The other answers already said as much, but I want to add to the other 2 things you mentioned. Taking turns is actually built into the algorithm that manages the game and it's such a central feature that the neural network was designed around it. It's actually quite hard to move away from turn based decision making when designing neural networks, and it's one of the features they address in their AlphaStar paper. AlphaStar plays Starcraft, a real time strategy based game where both players can make as many decisions as they want at any time. They actually don't really solve the continuous decision problem in AlphaStar, they just make the "turns" have a variable duration so the neural net can choose to make decisions every millisecond during intense battles or every 10 seconds if there's not much going on.
Finally the win/loss thing is programmed into the optimizer side of AlphaZero's algorithm. The neural network at the core of AlphaZero is a mathematical function with lots of parameters, the value of the parameters determine what moves it thinks it's best. In essence you want to keep the parameters when it wins and you want to change parameters when it loses; but the exact way they make those changes is explained in the paper and it's quite ingenious. In any case it's actually quite easy to change the desired outcome (compared to the difficulty of moving away from turn based games). The authors desire the neural net to win at chess for obvious reasons, but they could very easily encode the desire to maximize pawn promotions, as an example.
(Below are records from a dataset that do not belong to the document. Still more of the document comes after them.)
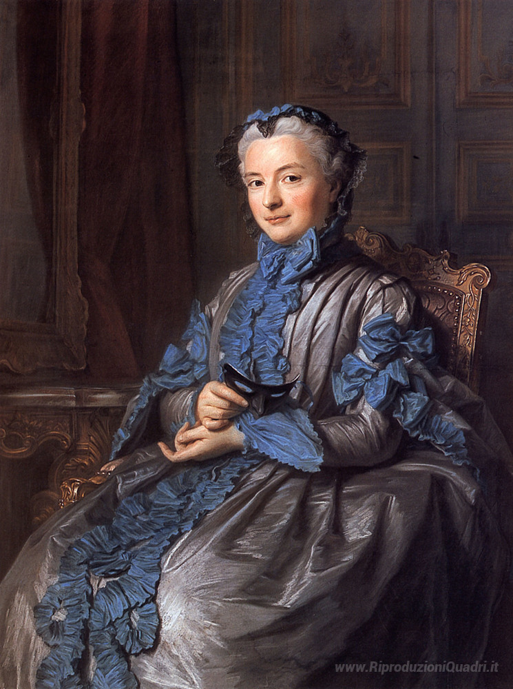 Ti offriamo una riproduzione artigianale su tela dell'opera famosa 'Il presidente di Rieux in vestito da promenade' di Maurice Quentin de La Tour, dal Museo delle Riproduzioni.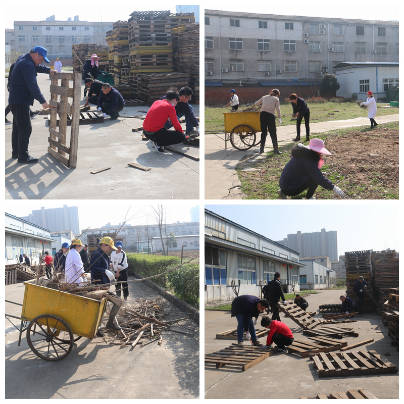活動過程中,公司黨委委員、隨州黨支部書記閔波平和大家一起整理廠區(qū)環(huán)境衛(wèi)生、維修破損托盤。大家分工合作、齊心合力,清理廠區(qū)樹枝、排水溝垃圾,共維修托盤70余個。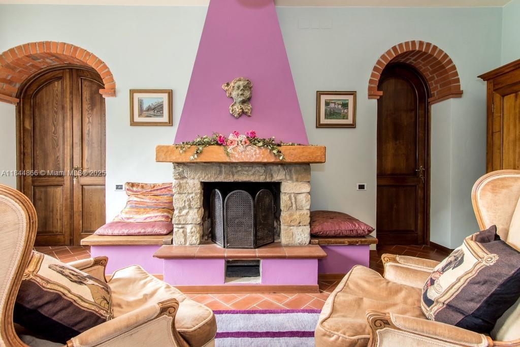 A stunning villa in Tuscany offering 3,552 sq ft of living space and a 646 sq ft terrace overlooking the garden. On the ground floor, there are 1,668 sq ft, including a spacious kitchen of 484 sq ft. The second floor also features 1,668 sq ft and includes 4 bedrooms, each with its own bathroom. The two bedrooms with pool views share a Jack and Jill bathroom. The villa is located just a few kilometers from Arezzo and less than an hour from Florence. It offers complete privacy while being conveniently close to the main road connecting to the major cities of Tuscany. Additionally, the property includes a connected but independent cottage—ideal for in-law quarters or maid quarters—ensuring the family’s privacy is maintained.

I do not understand your point. It may be that you don't understand how engines work. AlphaZero is nothing special to be honest. Let me explain.
Engines do three things while searching for a move.
- Find out the possible moves.
- Trim out searching for moves which seem useless(in AlphaZero's case, it also trims out any invalid moves)
- Evaluate the position.
(The neural network can actually evaluate any position but invalid moves are ignored and it figures out that those moves are not worth searching; so the neural network is never explicitly told that some moves are invalid and it has to figure it out itself but the engine itself is informed; this doesn't actually change anything because eventually illegal moves are trimmed out, just at a later stage)
The first two things that AlphaZero does is the same as any other engine. Castling, is a possible move, so the way that it is generated is the same as any other non neural network engine.
The thing is that when evaluating a position, other engines used to use a fixed tuned set of values. They would calculate king safety, space, mobility, etc using hardcoded values which were generated by years of tuning values. AlphaZero, on the other hand, uses neural networks for evaluating positions. It's all the difference. AlphaZero is no alien.